Task to complete
Please copy the data below exactly; none of the pictures in it belong in the copy.

Stored data

********************

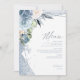 Une police de signature manuscrite associée à des cadres géométriques, des arrière - plans brillants et des fleurs luxuriantes sont utilisés dans cette collection pour donner un ton chaleureux et intime à votre mariage. Le menu mariage présenté ici, avec son agencement floral d'angle en bleu et crème poussiéreux, est un élégant arrière - plan pour ajouter vos propres sélections de menu, noms et date mariage. Recherchez ID889 pour voir tous les produits de ce jeu de mariages.
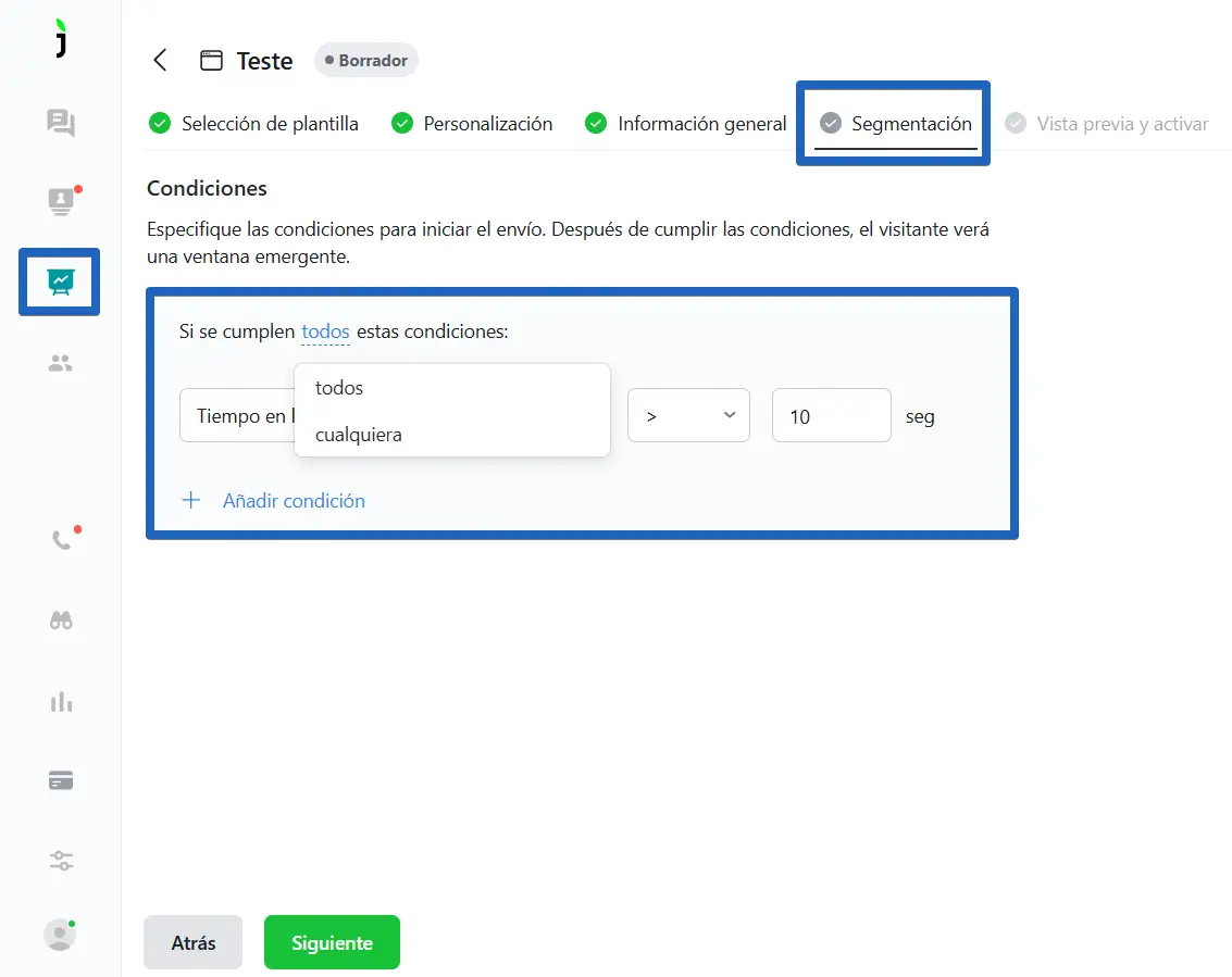 - Todas las condiciones: La campaña se activa solo si se cumplen todas las condiciones.
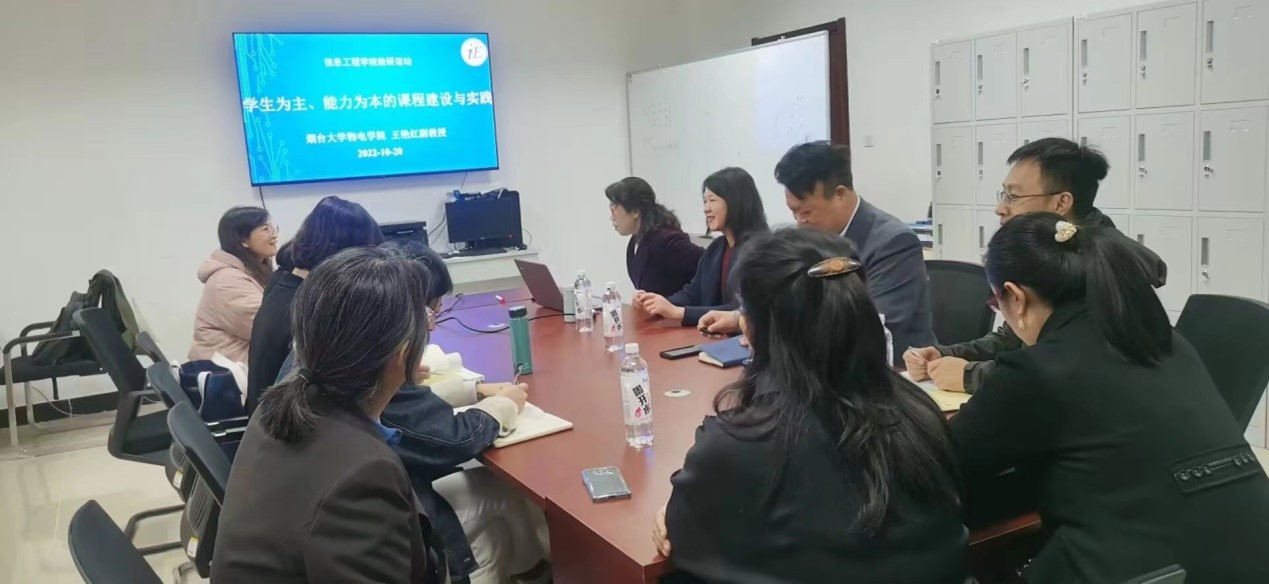 10月20日下午,我院开展教研活动,邀请烟台大学物理与电子信息学院王艳红老师做了题为“学生为主、能力为本的课程建设与实践”的报告。报告由荆蕾老师主持,yl9193永利集团全体教师参加。

********************

Your solution
 Une police de signature manuscrite associée à des cadres géométriques, des arrière - plans brillants et des fleurs luxuriantes sont utilisés dans cette collection pour donner un ton chaleureux et intime à votre mariage. Le menu mariage présenté ici, avec son agencement floral d'angle en bleu et crème poussiéreux, est un élégant arrière - plan pour ajouter vos propres sélections de menu, noms et date mariage. Recherchez ID889 pour voir tous les produits de ce jeu de mariages.
 - Todas las condiciones: La campaña se activa solo si se cumplen todas las condiciones.
 10月20日下午,我院开展教研活动,邀请烟台大学物理与电子信息学院王艳红老师做了题为“学生为主、能力为本的课程建设与实践”的报告。报告由荆蕾老师主持,yl9193永利集团全体教师参加。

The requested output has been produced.